Cores essas que são parte importante na
condução da história, já que o filme alterna entre o preto e branco e o
policromático, ditando assim o passado e o presente; a história ocorrida e a descrição
dos autores, que vivenciaram a maior parte dos eventos
Cada uma delas tem um estilo bem único de ser
contada. Iniciando pela breve, mas carismática retratação do passado e presente
de cidade francesa, feita por Herbert Sazerac (Owen Wilson), seu propósito
é contextualizar o expectador no que está por vir, servindo de introdução. Depois
seguimos abruptamente para a história do pintor Moses Rosenthaler (Benicio
Del Toro) sendo poética e romântica, trazendo reflexões sobre a arte pura e
sua perversão diante do comercial. Já a
crônica do jovem idealista Zeffirelli (Timothée
Chalamet) tem um teor revolucionário, que relembra o confronto final
de Os Miseráveis de Vitor Hugo. Por fim, a odisseia culinária de Roebuck Wright
(Jeffrey Wright) evoca o clima "noir" quando retratando o passado, e o vintage no
presente. Nessa última em especial, Wes Anderson chega a acrescentar uma animação,
que de nenhuma forma se torna dissonante com o resto da obra, sendo uma adição
bem divertida, combinando com o humor caricato e satírico, marca do diretor. Onde
personagens sempre se encontram em situações cômicas, mas agem com naturalidade,
passando credibilidade mesmo diante de absurdos.

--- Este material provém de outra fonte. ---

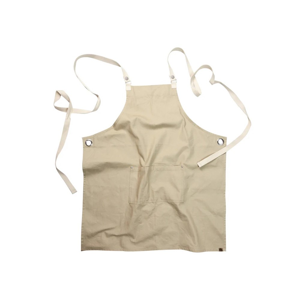 The Byron Bib Apron Cross Back in a natural color blends easy comfort with streamlined, understated design. Its unique cross-back straps, which are made of heavyweight cotton canvas, distribute weight evenly across your shoulders, allowing you to move freely without straining your neck. Long shifts in crowded kitchens are ideal because the breathable material feels light against your skin. This apron is a great option for companies looking for consistent branding because it is made to be a true blank canvas, providing plenty of room for logos, embroidery, or screen printing. This apron promises long-lasting durability and style that changes with your brand. It is also easy to wash and resistant to fading.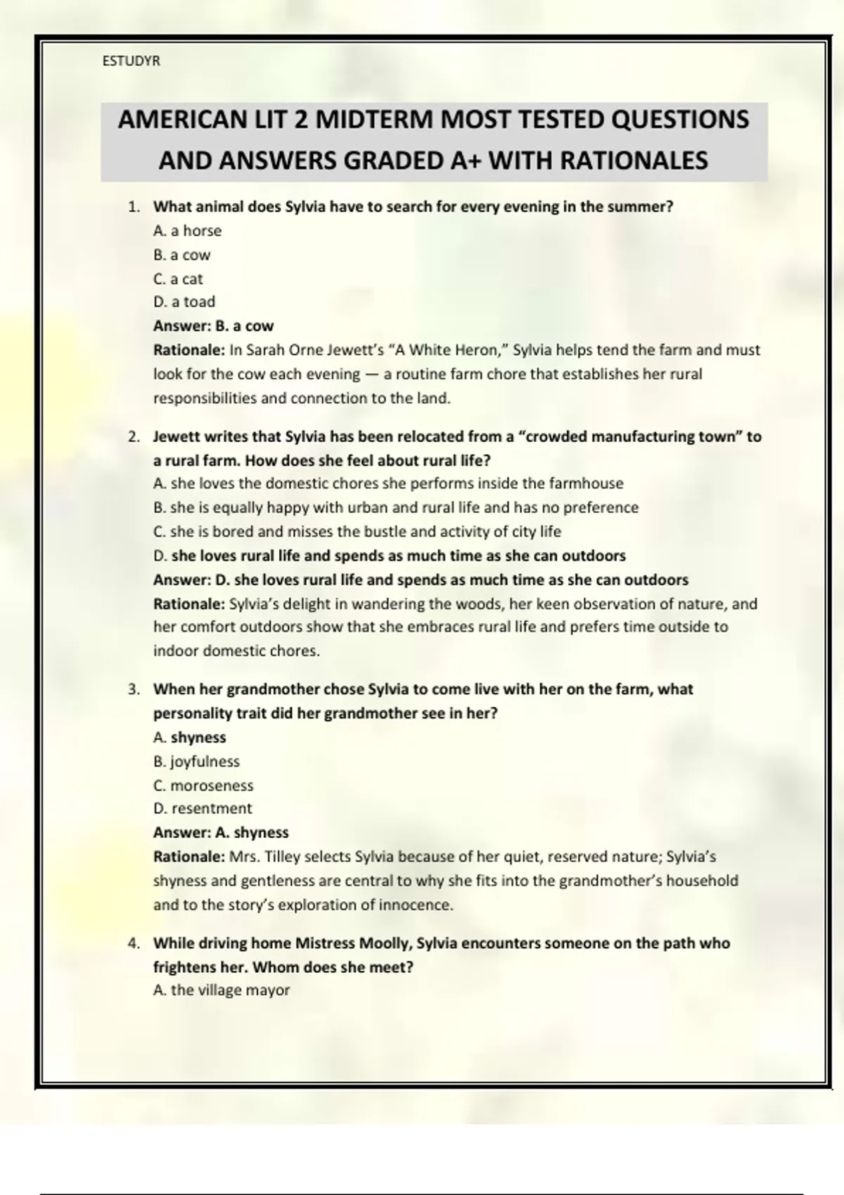 AMERICAN LIT 2 MIDTERM MOST TESTED QUESTIONS AND ANSWERS GRADED A+ WITH RATIONALES

O filme possui uma musicalidade que se destaca
na coreografia e expressões dos atores. Todas as cenas são construídas de forma
que seguem um BPM (batimentos por segundo), assim como em uma música, onde
sempre um gesto proemine ou um acontecimento na cena, alinham-se perfeitamente
com a batida. Em algumas cenas, principalmente em planos mais aberto da cidade,
cada elemento pode se encontrar em um BPM diferente. Vale ressaltar que a
trilha sonora não evidencia isso, pois ela não está na mesma batida que a
coreografia, mas se testado com um metrônomo, poderá constatar que toda
composição está em ritmo.
Deve-se parabenizar os atores nesse aspecto, já
que em nenhum momento, eles perdem a naturalidade diante dessa decisão
criativa, sendo tão imperceptível, que apenas é subconscientemente sentida a
sensação de que todo na cena está mais harmoniosa do que o comum.
Tratando das atuações, todos os atores estão
bem, mas pelas decisões criativas do enredo, infelizmente, as grandes estrelas
são mal aproveitadas. O filme conta com um elenco dos sonhos, isso faz com que
coadjuvantes que não chegam a ter um minuto de tela, tenham rostos familiares.

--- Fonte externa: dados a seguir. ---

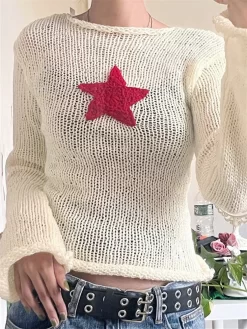 Women Knitted Tops Long Sleeve Crew Neck Star Pattern Sweater Y2K Aesthetic Clothes Gothic Grunge Autumn Shirts Streetwear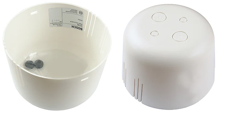 Back box for LC3 ceiling speakers, fully protects the loudspeaker from dust and dripping water, makes the unit vermin proof and prevents sound traveling via the ceiling cavity to adjacent areas, white RAL 9010.

Não há destaque, mas pela liberdade que o
diretor dá aos atores na interpretação, todos cumprem seu papel, entregando exatamente
o que se espera e em nenhum momento, você questiona da vivacidade dos
personagens.
O filme pode ser o ápice de seu estilo, mas
infelizmente em detrimento da homenagem que deseja fazer ao jornalismo de
vanguarda, inspirado na paixão do diretor pela The New Yorker, peca em aspectos
básicos, que não são proeminentes em suas outras obras.
Apesar de não estar entre os melhores que Wes
Anderson já fez, é um filme divertido de se assistir, que definitivamente vale
seu tempo. Mas deve-se ver com a mente aberta, pois não é uma história
convencional nem mesmo para os amantes dos filmes do diretor. Para quem tiver se interessado, o filme se encontra disponível no Stars+.